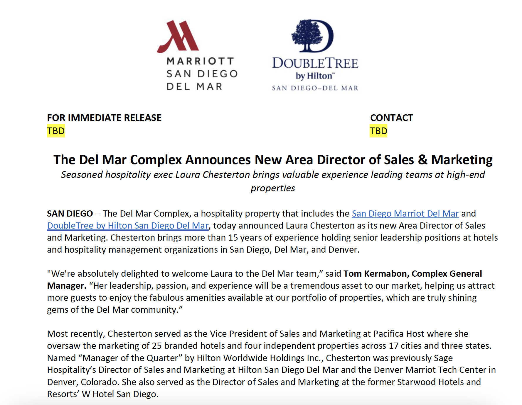 “The Del Mar Complex Announces New Area Director of Sales & Marketing” For The Del Mar Complex
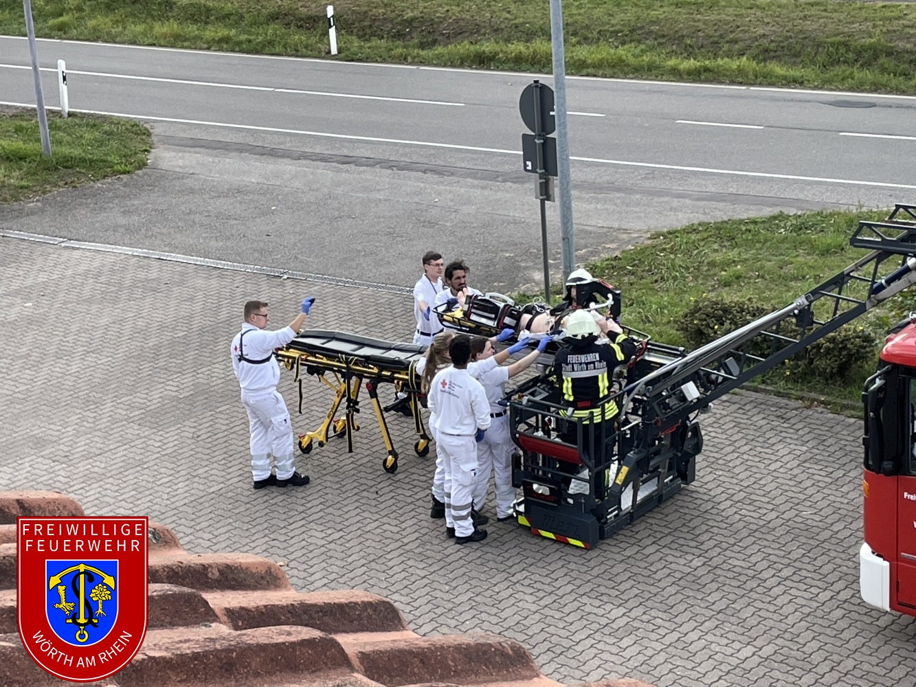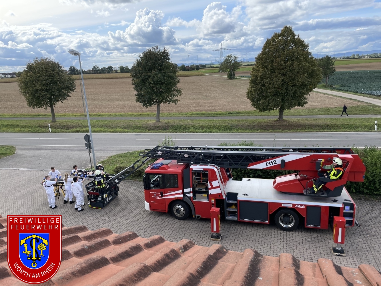 Am Samstagmorgen unterstützten wir mit unserer Drehleiter bei einer Ausbildungsveranstaltung für Notfallsanitäter-Azubis. Dabei handelte es sich um eine Veranstaltung für die Angehörigen aller Ausbildungsjahrgänge. Die Zusammenarbeit erfolgte gemeinsam mit den Kameraden der Freiwilligen Feuerwehr Kandel am dortigen Standort.
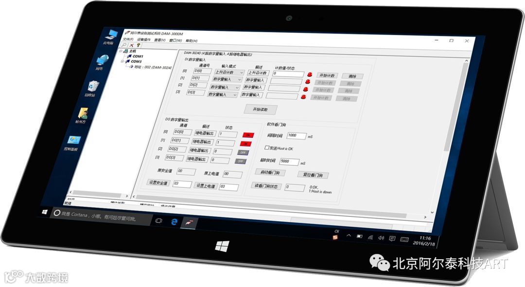 也可以用在平板电脑上,比如:微软Surface Book,经过测试已正常运行。如需要在平板电脑上使用,需要配合我公司DAM3232转换器(USB转485模块)一起使用。
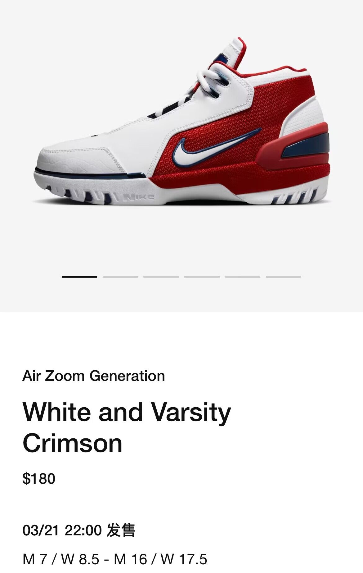 其中,复刻呼声最高的 Nike Air Zoom Generation “1st Game” 现已上架美区 SNKRS APP,将于 3 月 21 日发售。
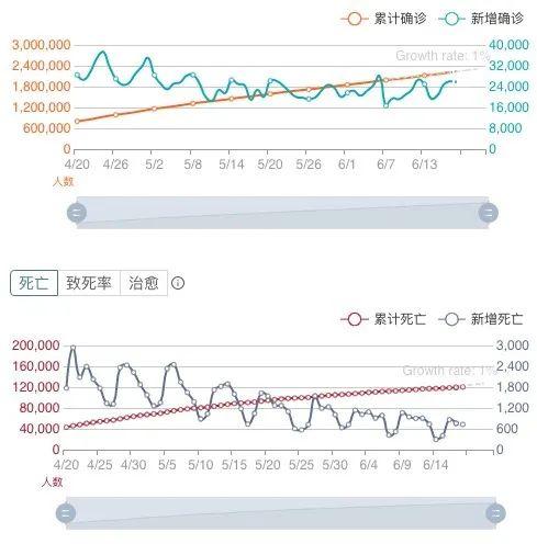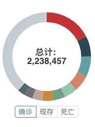 截至6月18日(周四)傍晚7时,根据美国疾病控制与预防中心(CDC)和各州及地方政府发布的消息,美国新冠肺炎确诊病例已达2,238,457例,死亡120,342例,治愈699,547例,当日新增25,819例。
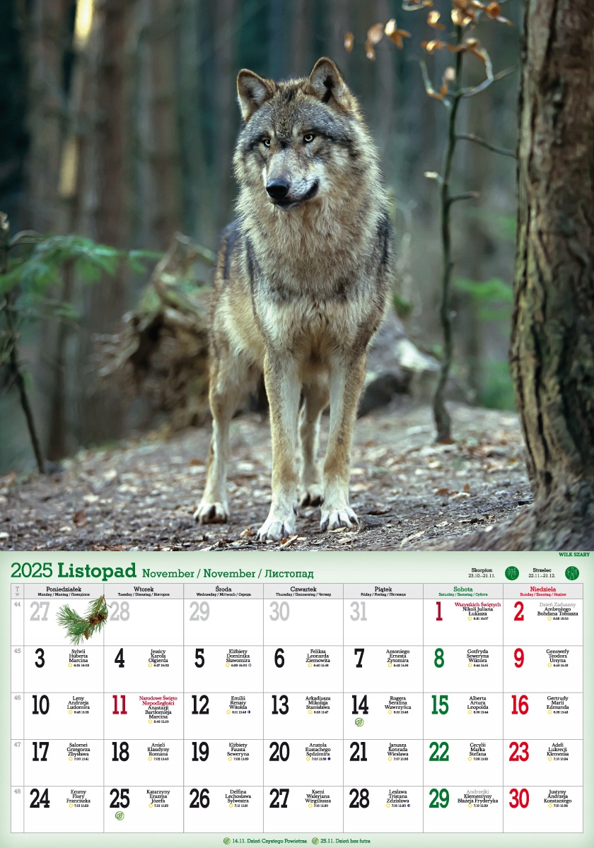 KALENDARZ 2025 ŚCIENNY BARDZO DUŻY 42x60 LESNE UROCZYSKA MIESZKAŃCY PUSZCZY

Aim of the task
Transcribe exactly the portion of the material above that runs from the line containing "Am Samstagmorgen unterstützten" through its last line, omitting all pictures.

Answer area
 Am Samstagmorgen unterstützten wir mit unserer Drehleiter bei einer Ausbildungsveranstaltung für Notfallsanitäter-Azubis. Dabei handelte es sich um eine Veranstaltung für die Angehörigen aller Ausbildungsjahrgänge. Die Zusammenarbeit erfolgte gemeinsam mit den Kameraden der Freiwilligen Feuerwehr Kandel am dortigen Standort.
 也可以用在平板电脑上,比如:微软Surface Book,经过测试已正常运行。如需要在平板电脑上使用,需要配合我公司DAM3232转换器(USB转485模块)一起使用。
 其中,复刻呼声最高的 Nike Air Zoom Generation “1st Game” 现已上架美区 SNKRS APP,将于 3 月 21 日发售。
 截至6月18日(周四)傍晚7时,根据美国疾病控制与预防中心(CDC)和各州及地方政府发布的消息,美国新冠肺炎确诊病例已达2,238,457例,死亡120,342例,治愈699,547例,当日新增25,819例。
 KALENDARZ 2025 ŚCIENNY BARDZO DUŻY 42x60 LESNE UROCZYSKA MIESZKAŃCY PUSZCZY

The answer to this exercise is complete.